# [Raw data]
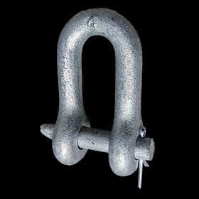Eslabón en U recto (grillete) fabricado por proceso de fundición nodular con cuerpo en 5/8" de diámetro ensamblado con pasador en acero de 5/8" de diámetro y pin de seguridad, basada en norma NTC 2995 galvanizado en caliente. Elemento de apoyo horizontal o medio de fijación de otros elementos en las líneas de distribución aéreas de media y baja tensión, para servicio continuo.
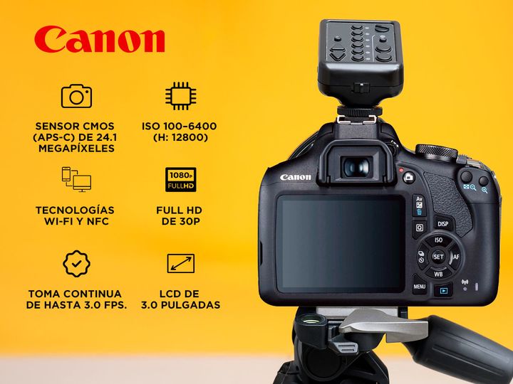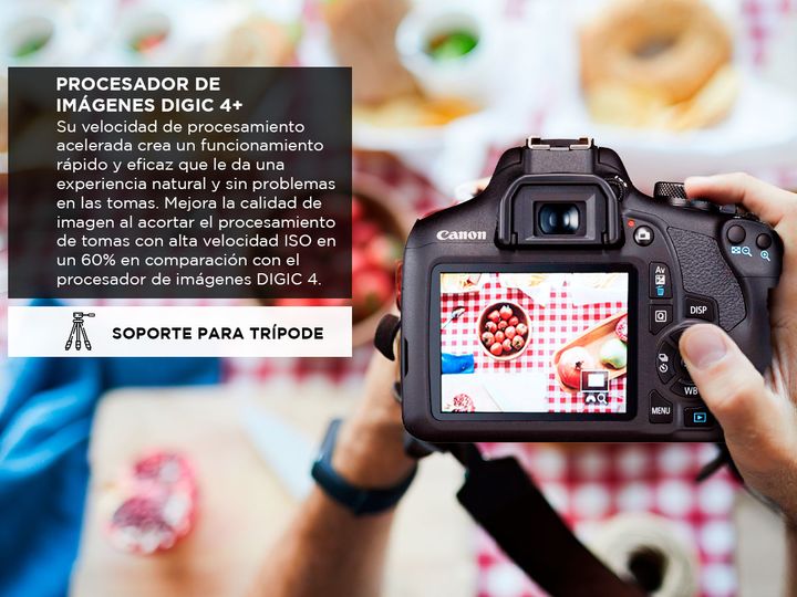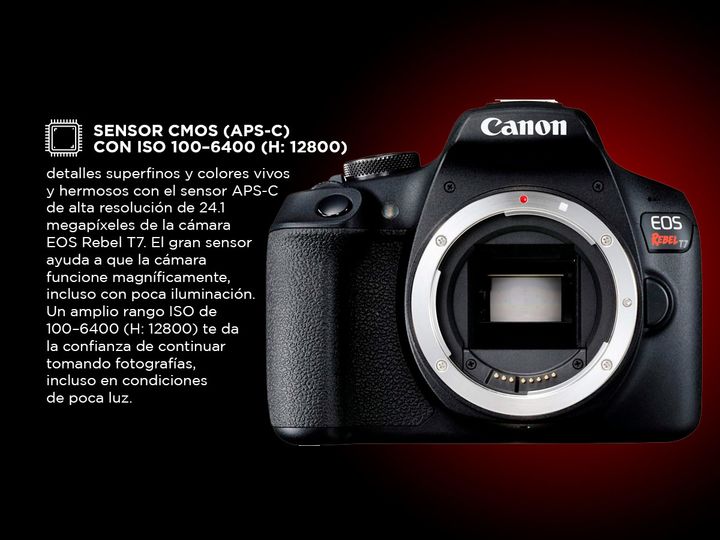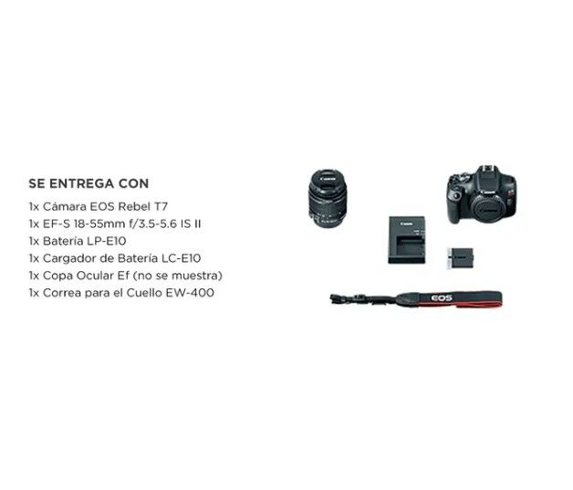 Descubrí la Canon EOS Rebel T7 y lleva tu fotografía al siguiente nivel. Con su sensor CMOS de 24.1 megapíxeles y el potente procesador de imagen DIGIC 4+, esta cámara ofrece imágenes detalladas y colores vibrantes, ideales para capturar cada momento con calidad profesional. Su lente es versátil par...
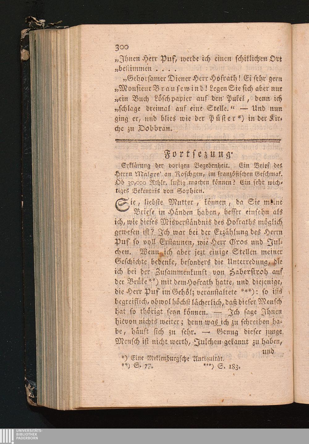 Fortsezung. Erklärung der vorigen Begebenheit. Ein Brief des Herrn Malgrè an Koschgen[...]

# [Problem to solve]
Everything above except the pictures must be restated exactly.

# [Response for this exercise]
Eslabón en U recto (grillete) fabricado por proceso de fundición nodular con cuerpo en 5/8" de diámetro ensamblado con pasador en acero de 5/8" de diámetro y pin de seguridad, basada en norma NTC 2995 galvanizado en caliente. Elemento de apoyo horizontal o medio de fijación de otros elementos en las líneas de distribución aéreas de media y baja tensión, para servicio continuo.
 Descubrí la Canon EOS Rebel T7 y lleva tu fotografía al siguiente nivel. Con su sensor CMOS de 24.1 megapíxeles y el potente procesador de imagen DIGIC 4+, esta cámara ofrece imágenes detalladas y colores vibrantes, ideales para capturar cada momento con calidad profesional. Su lente es versátil par...
 Fortsezung. Erklärung der vorigen Begebenheit. Ein Brief des Herrn Malgrè an Koschgen[...]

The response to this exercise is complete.